(TO DO)
Having located the line with "Elevate your casual", repeat it and all remaining lines of the records exactly. Pictures do not belong in the answer.

(EXTRACTED INFORMATION)

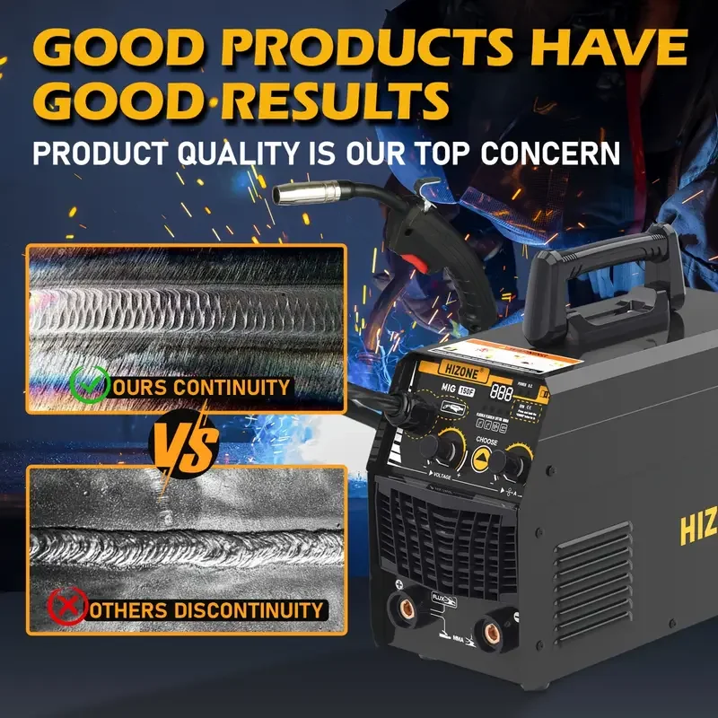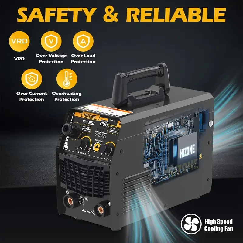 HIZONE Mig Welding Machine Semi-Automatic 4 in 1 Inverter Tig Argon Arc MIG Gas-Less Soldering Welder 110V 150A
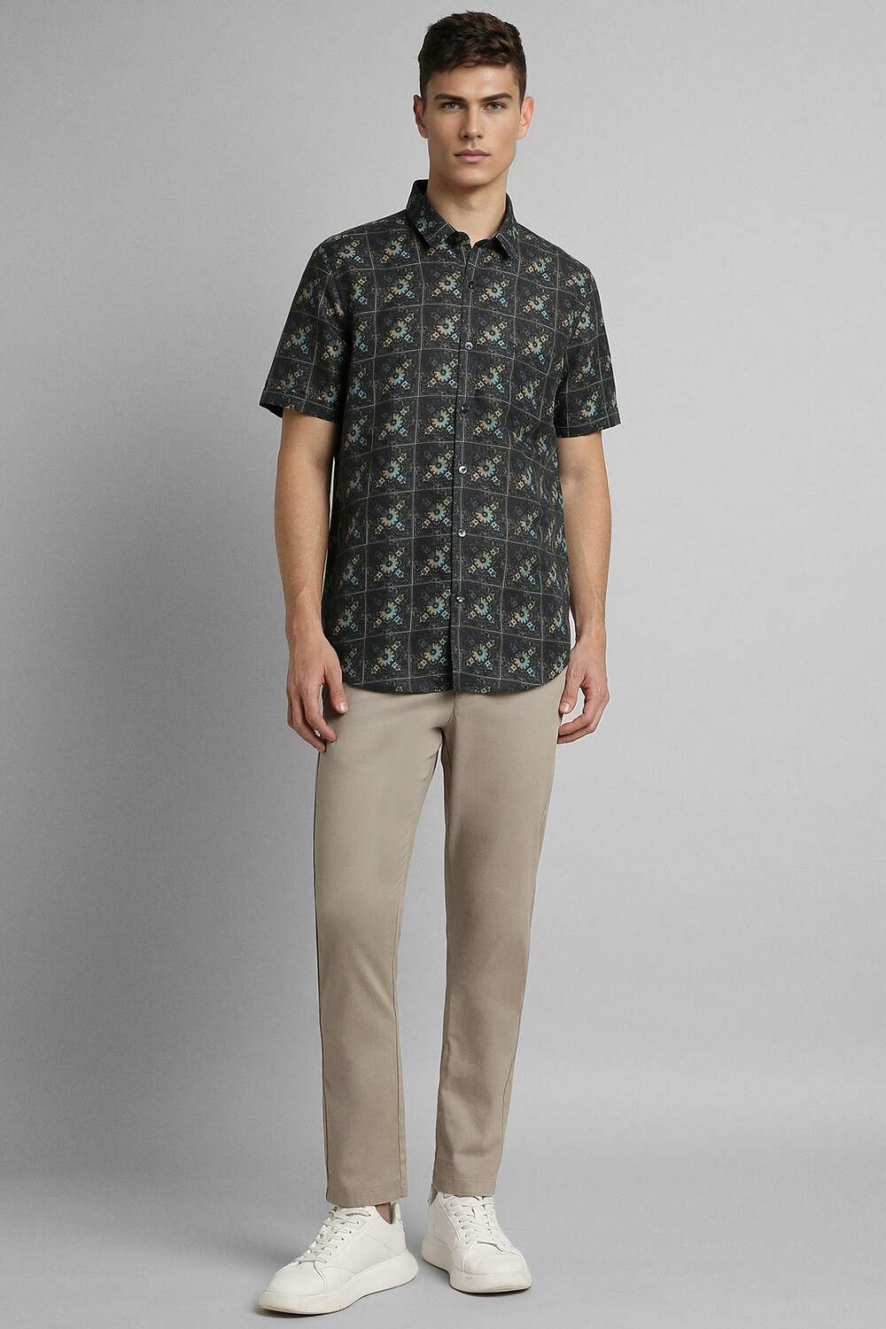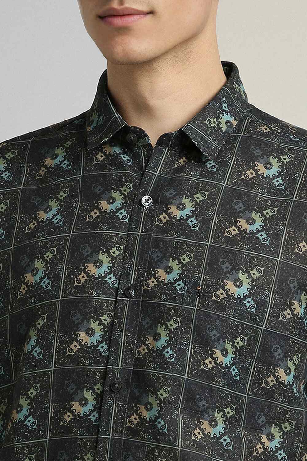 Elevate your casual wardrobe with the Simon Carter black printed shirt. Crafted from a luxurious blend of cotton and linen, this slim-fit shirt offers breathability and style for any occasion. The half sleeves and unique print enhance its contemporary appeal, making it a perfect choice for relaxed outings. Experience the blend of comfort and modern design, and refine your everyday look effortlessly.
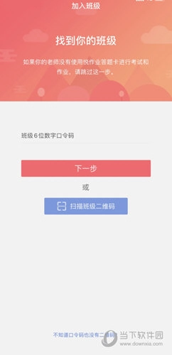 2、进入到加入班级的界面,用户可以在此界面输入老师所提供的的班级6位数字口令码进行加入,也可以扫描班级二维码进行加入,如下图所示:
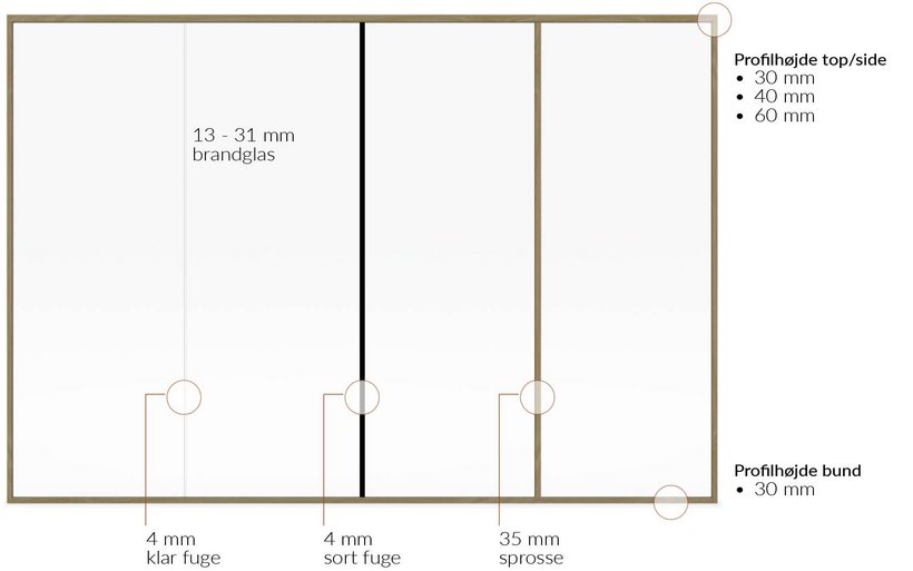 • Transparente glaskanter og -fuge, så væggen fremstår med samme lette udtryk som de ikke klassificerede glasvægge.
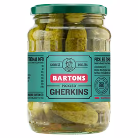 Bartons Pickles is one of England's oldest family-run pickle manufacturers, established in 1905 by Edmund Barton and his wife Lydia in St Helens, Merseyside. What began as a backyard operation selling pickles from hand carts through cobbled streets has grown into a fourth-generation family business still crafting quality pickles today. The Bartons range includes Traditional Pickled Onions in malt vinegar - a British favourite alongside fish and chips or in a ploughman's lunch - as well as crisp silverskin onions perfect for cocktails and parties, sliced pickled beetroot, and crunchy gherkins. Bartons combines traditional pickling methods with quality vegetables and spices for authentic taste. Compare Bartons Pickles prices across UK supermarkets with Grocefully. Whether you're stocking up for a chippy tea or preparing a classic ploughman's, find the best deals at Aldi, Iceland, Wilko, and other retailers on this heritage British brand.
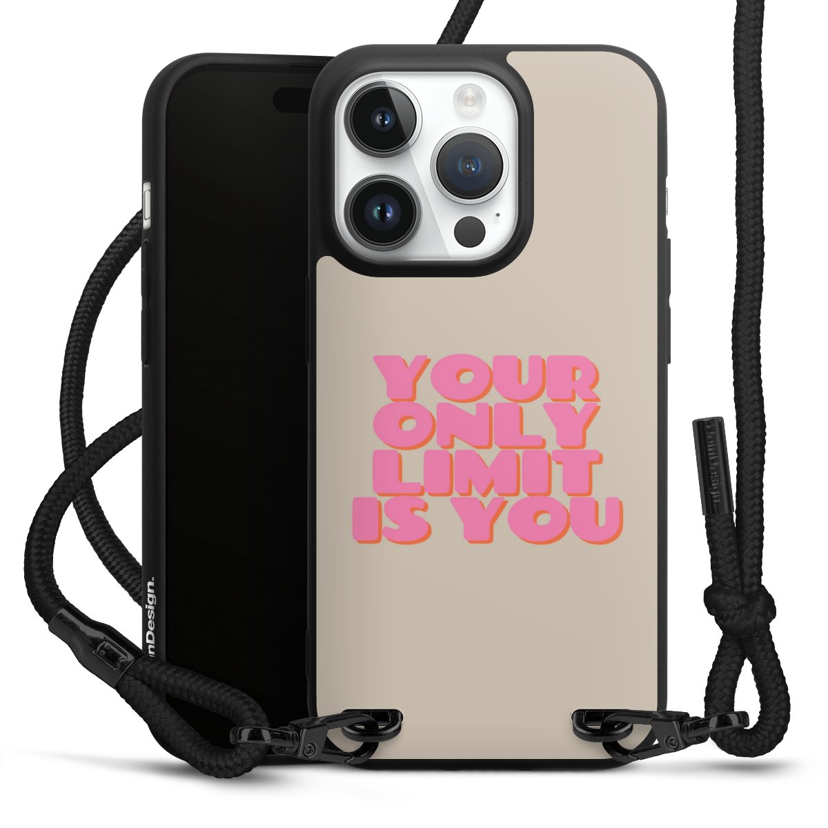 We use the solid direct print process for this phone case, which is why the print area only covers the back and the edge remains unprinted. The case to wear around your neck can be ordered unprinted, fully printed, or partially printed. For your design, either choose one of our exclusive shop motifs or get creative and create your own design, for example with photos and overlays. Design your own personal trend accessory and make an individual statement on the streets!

(RESPONSE BOX)
 Elevate your casual wardrobe with the Simon Carter black printed shirt. Crafted from a luxurious blend of cotton and linen, this slim-fit shirt offers breathability and style for any occasion. The half sleeves and unique print enhance its contemporary appeal, making it a perfect choice for relaxed outings. Experience the blend of comfort and modern design, and refine your everyday look effortlessly.
 2、进入到加入班级的界面,用户可以在此界面输入老师所提供的的班级6位数字口令码进行加入,也可以扫描班级二维码进行加入,如下图所示:
 • Transparente glaskanter og -fuge, så væggen fremstår med samme lette udtryk som de ikke klassificerede glasvægge.
 Bartons Pickles is one of England's oldest family-run pickle manufacturers, established in 1905 by Edmund Barton and his wife Lydia in St Helens, Merseyside. What began as a backyard operation selling pickles from hand carts through cobbled streets has grown into a fourth-generation family business still crafting quality pickles today. The Bartons range includes Traditional Pickled Onions in malt vinegar - a British favourite alongside fish and chips or in a ploughman's lunch - as well as crisp silverskin onions perfect for cocktails and parties, sliced pickled beetroot, and crunchy gherkins. Bartons combines traditional pickling methods with quality vegetables and spices for authentic taste. Compare Bartons Pickles prices across UK supermarkets with Grocefully. Whether you're stocking up for a chippy tea or preparing a classic ploughman's, find the best deals at Aldi, Iceland, Wilko, and other retailers on this heritage British brand.
 We use the solid direct print process for this phone case, which is why the print area only covers the back and the edge remains unprinted. The case to wear around your neck can be ordered unprinted, fully printed, or partially printed. For your design, either choose one of our exclusive shop motifs or get creative and create your own design, for example with photos and overlays. Design your own personal trend accessory and make an individual statement on the streets!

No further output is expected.